Bess Streeter Aldrich: Contribution as American Novelist

Also Read

      Bess Streeter Aldrich (nickname, Margaret Dean Stevens) (1881-1954) American novelist and short-story writer. Daughter of pioneer settlers, she was born in Cedar Falls, Iowa, attended local schools and the Iowa state teachers' college, and taught for six years in Iowa and Utah. In 1907 she married Charles S. Aldrich, a banker and lawyer, with whom she settled in Elmwood, Nebraska, and had four children.

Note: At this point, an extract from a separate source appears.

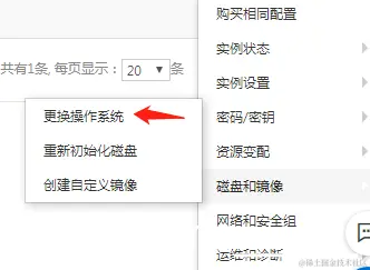 关闭服务器实例后,在服务器选项更多中选择更换系统

      Aldrich began publishing short stories in 1911 and after her husband died, in 1925, she wrote to support the family. Her ten novels, beginning with The Rim of the Prairie (1925), concentrate on the settlement of the Mississippi Valley region. In her bestselling A Lantern in Her Hand (1928), Aldrich pays tribute to her pioneer mother. The heroine of Miss Bishop (1933; filmed 1941) dedicates her life to teaching after being disappointed in love. Song of Years (1939) chronicles the growth of Cedar Falls into an industrial city. The title character of The Lieutenant's Lady (1942) is a 19th-century army wife living on the frontier. Aldrich wrote over 150 short stories concentrating on small-town family life, collected in The Man Who Caught the Weather (1936), Journey into Christmas (1949), The Bess Streeter Aldrich Reader (1950) and A Bess Streeter Aldrich Treasury (1959).